HOME & HEART: Tributary Tribulation

Beginner

While off-grid hydropower is our preferred option, we are only able to harvest that energy when our seasonal creek is flowing—usually around the middle of December to the first weeks of July. Most of that time, the 24-volt system supplies us with 9.6 kilowatt-hours a day, meeting most of our electricity needs. While we get some winter sun on our PV system in our small canyon, and storm winds crank our wind turbine on occasion, the creek provides the main winter input.

Over the years, my husband Bob-O has improved the microhydro intake at the head of the pipe to maximize the turbine’s output. For instance, the pipe has been enlarged, from 2-inch PVC to 6-inch PVC. He has designed and built several intakes—the last, of course, being the best so far. But it is the unexpected but inevitable maintenance that throws us a curve ball. Early last winter, I was driving across our bridge and saw that a huge boulder had broken loose from the creek bank and was laying on top of the pipe. The rock had not broken the pipe; it had somehow gently deposited itself right across it. We made plans to remove it in the late summer when the creek was dry.

Last January, we came home from traveling to find the turbine a quarter-mile downcreek. A small flash flood had torn it loose from its wiring and separated the valves from the main pipe. Thankfully, Bob-O keeps a spare turbine, so he soon had the system producing energy again.
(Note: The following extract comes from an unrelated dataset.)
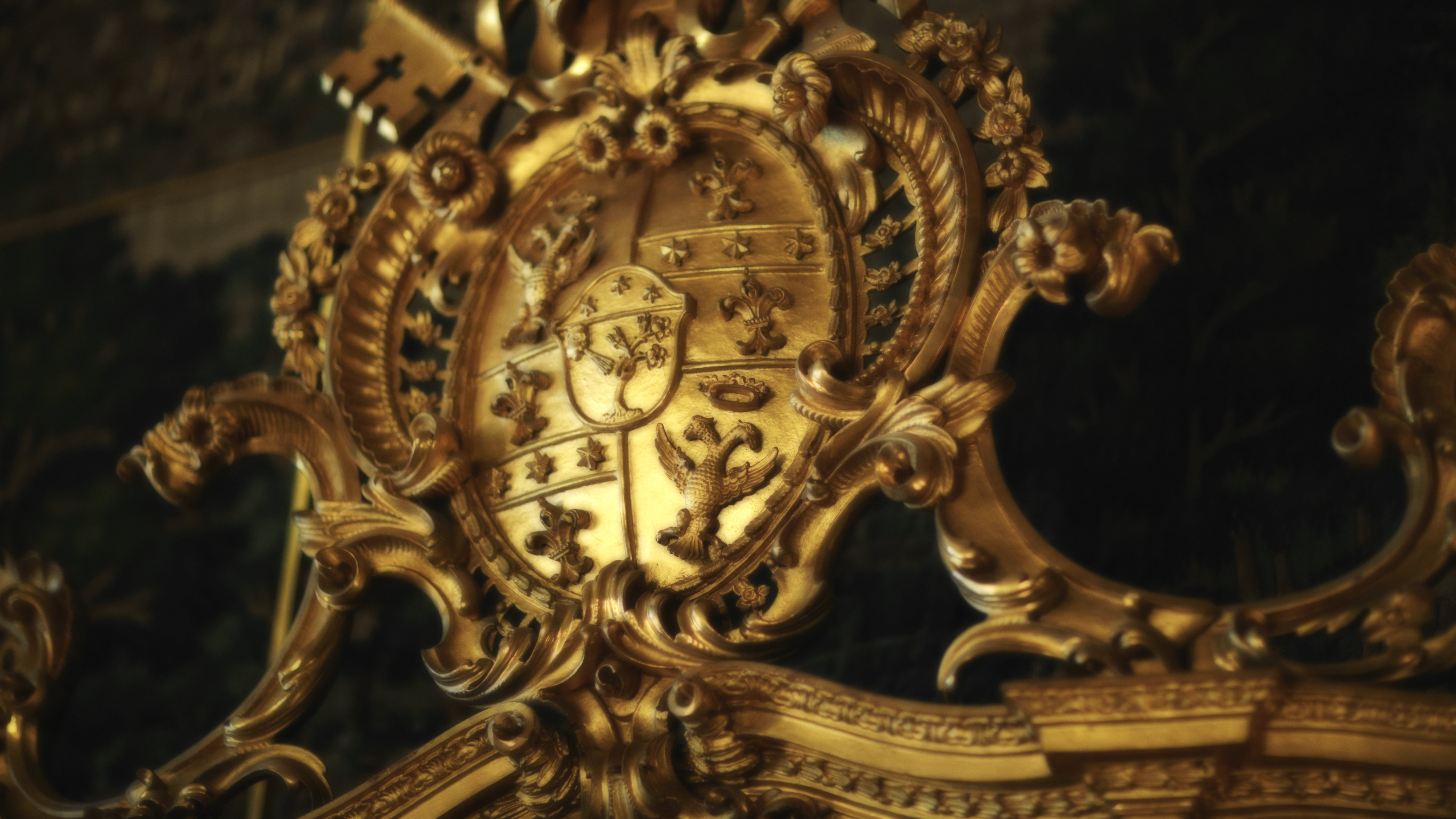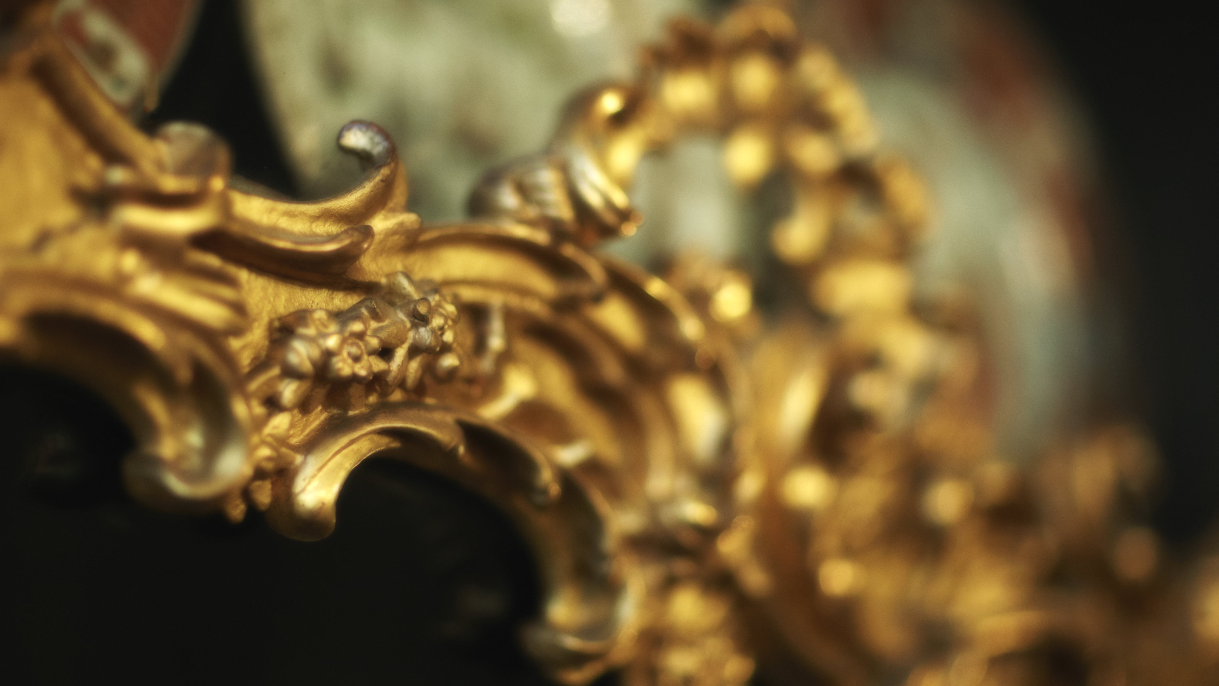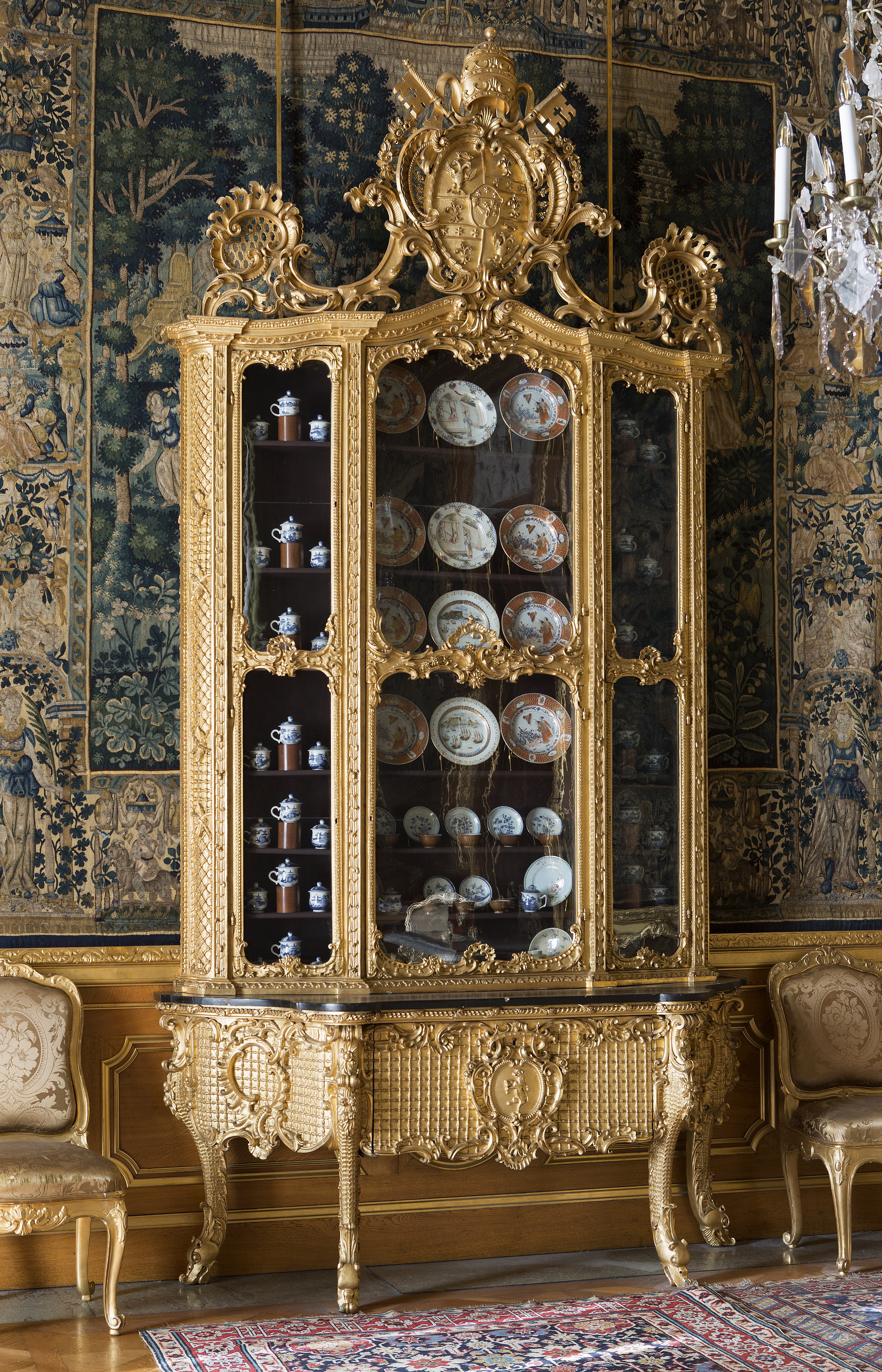 SKÅP. Italienskt arbete från 1770-talet. Av valnötsträ, rikt snidat och förgyllt i matt och blankt guld. Baksida och botten av sydländsk gran. I två delar jämte ett löst överstycke. Rikt snidat i relief samt förgyllt med äkta guld i matt och blankt. Skåpet är inrett med sex hyllor i varje avdelning samt klätt med brunt linnetyg. Nedre avdelningen består av en byrå på fyra höga ben med skiva av sydländsk gran målad i svart samt med rak framsida och karnisformiga kortsidor, alla med konturerad underkant. Framsidan utgör framstycket till en stor låda mot botten dekorerad med prickerat kvadratiskt rutmönster och i mitten ett vapen (trol. familjen Onesti) i oval sköld, omsluten av två åtvända stavbågar isamt under krona med blad och kulor. På vardera kortsidans mitt en kartusch, bildad av två åtvända rokokobågar. Benen något svängda, varje med nedre delen i form av en fågelhals med huvudet nedåt som fot. Rygg saknas. Övre avdelningen består av ett grunt skåp med konturerad överkant samt indelat i tre vertikala avdelningar, den mellersta bredast. Vardera avdelningen har två över varandra ställda dörrar av glas på gångjärn och med infällda lås. Mellan avdelningarna samt vid vardera yttersidan ett smalt pilasterstycke med ett nedåtvänt bladliknande fjällmönster med ollon. Kortsidorna är smala, vardera indelade i tre långa och två korta fält, i varje av de förstnämnda ett rombiskt rutmönster. Överstycket har i mitten påven Pius VI:s påvevapen (ätten Braschis familjevapen i hjärtskölden) under tiara mellan de två nycklarna. Nycklar (original): Av järn, med oval ögla. Inköpt av Walther och Wilhelmina von Hallwyl den 11 september 1895 från professor August Holmberg, München, genom Carl Anton Ossbahr för 2500 DMK. Omförgyllt 1924 av konservator Alfred Nilsson till en kostnad av 4500 kr. Den ursprungliga färgsättningen på 1700-talet var troligen i grönt/blågrönt; rester av sådan färg kan ses under bortfallen förgyllning. Sannolikt var skåpet dock redan förgyllt vid tiden för Wilhelmina von Hallwyls förvärv. Pius VI, f. 1717 i Cesena, d. 1799 i Valence, Frankrike, blev 1766 påvlig skattmästare, 1773 kardinal och 1775 påve. Fördes av Napoleon I som fånge till Frankrike 1798. Kung Gustaf III besökte Pius VI i Rom 1784.

We sent the tumbled turbine to Denis Ledbetter at LoPower Engineering for repair and rejuvenation, and it is now our spare.

Come Hell or High Water

Until this past February, we had a wonderful water year. Lots of rain, with snow on the mountain at the head of our canyon—everything was looking rosy. Then it got warm and started raining. It rained for days. It rained on the mountain and melted the snow there.

On February 7, 2017, our creek was swift, brown, and rising fast. Within its path, the microhydro turbine was sitting under an inverted blue-plastic tub on its wooden base. This protected it above from rainwater, but not from the turbulent water below. Because of this erratic flow, turbine output was down by half. We set a timer for 30 minutes to remind us to check on the creek, but I couldn’t help looking out the window every few minutes. Before the 30 minutes were up, we determined it was time to rescue the microhydro turbine from the rising water.